All American diplomats have left Venezuela, says Pompeo

Clay Curtis
March 15, 2019

President Nicolás Maduro said in a speech this week that he hoped the USA and Venezuelan governments could continue negotiations to set up interest sections in each other's capital - even as he blamed Washington for a massive five-day blackout that began Thursday and brought the South American country to a virtual halt.

Power has been restored to some areas in Venezuela since the weekend, but the supply has been intermittent and often drops out.

USA companies doing oil business with Venezuela have been ordered to divert payments to special blocked accounts.

He said "anarchy" reigned in Venezuela's second city of Maracaibo during the power outage, with "generalised looting".

He said the U.S. remains committed to supporting opposition leader Juan Guaido, who wants to remove Venezuelan President Nicolas Maduro and hold elections. The subway began operating in the capital, Caracas, though not all of its stations were open.

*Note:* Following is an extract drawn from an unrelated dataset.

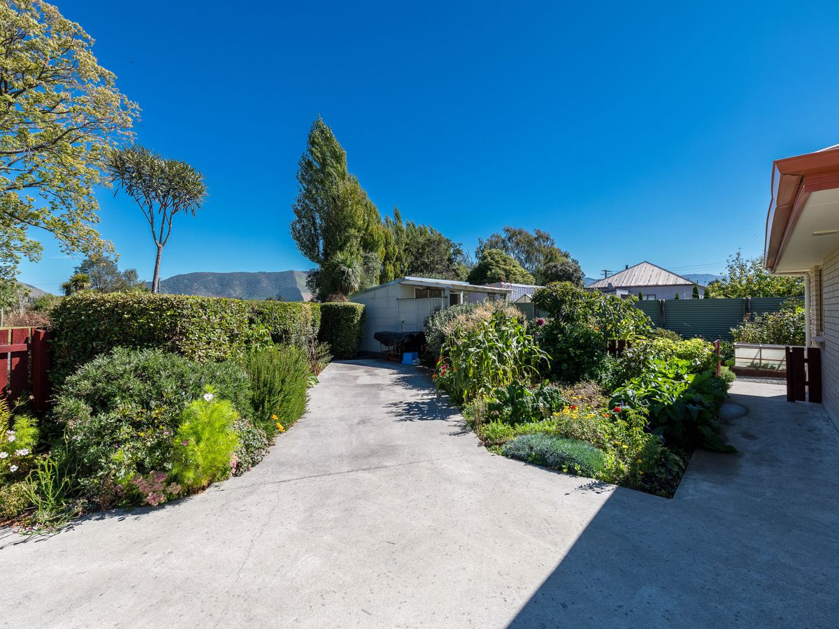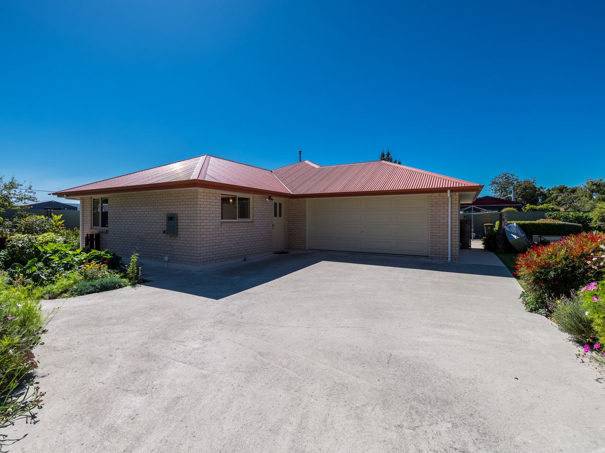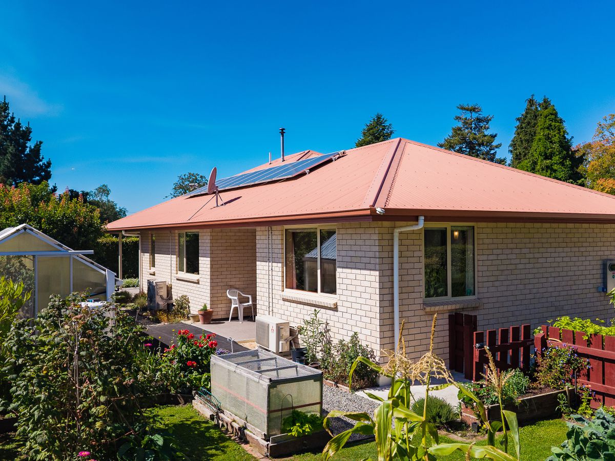 Step into your very own Garden of Eden on a private, leafy corner section, where modern comfort meets sustainable living. This 2014 home offers spacious open-plan living, with a kitchen and dining area warmed by a pellet fire and heat pump. Double-glazed throughout and boosted with solar panels, the home is designed for comfort and efficiency. The living area features a cozy alcove—perfect for a home office, reading nook, or piano corner—while sliding doors open onto a covered patio, bringing the outdoors in. Two generous bedrooms, a family bathroom close to the bedrooms, and a separate toilet make family life easy, while the internal garage with laundry adds practical convenience.

Venezuela's public employees were called to return to work Thursday after the government ended a almost week-long hiatus caused by an unprecedented nationwide blackout that deepened widespread anger against President Nicolas Maduro.

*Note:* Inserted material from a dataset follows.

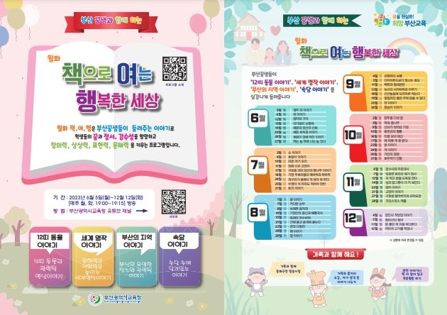 [제주교통복지신문 김강석 기자] 부산광역시교육청은 6월 5일부터 12월 12일까지 초등학교 1~4학년과 유치원생, 가족 등을 대상으로 ‘부산꿈샘과 함께 하는 월화 책·여·행(책으로 여는 행복한 세상)’ 프로그램을 운영한다고 1일 밝혔다.

Guaido denied the allegations at an anti-Maduro protest Tuesday.

He gave no details
He gave no details

Pompeo addressed the Venezuelan people directly in a video tweet, saying the eager to provide them desperately needed humanitarian assistance, including food and medicine.

The Venezuelan government disputed Pompeo's account, saying it had instructed the United States diplomats to leave.

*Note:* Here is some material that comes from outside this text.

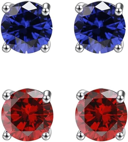 18k White Gold Plated 3Ct Created Blue sapphire and Ruby 2 Pair Round Stud Earrings

Maduro accuses Guaido and the United States of plotting an invasion. Russian Federation is an ally of Maduro, but its oil interests in Venezuela have been jeopardized since the Trump administration hit PDVSA with sanctions in January.

The sweeping financial sanctions against PDVSA, aimed at curbing crude exports to the United States and driving Maduro from power, were the strongest measures yet against Venezuela's vital oil sector.

The latest revocations - which include visas for 107 former diplomats and their families - brings the total to more than 600 since late 2018, spokesman Robert Palladino said.

Arreaza called for a multilateral approach to fighting the scourge of drugs, declaring US' "unilateral economic steps" had depleted the nation's coffers and deprived it of money it could better use to actually fight drugs. The U.S. Secretary of State Mike Pompeo has announced on Monday, March 11, 2019, that it will withdraw all remaining U.S. personnel from the U.S. Embassy in Caracas this week.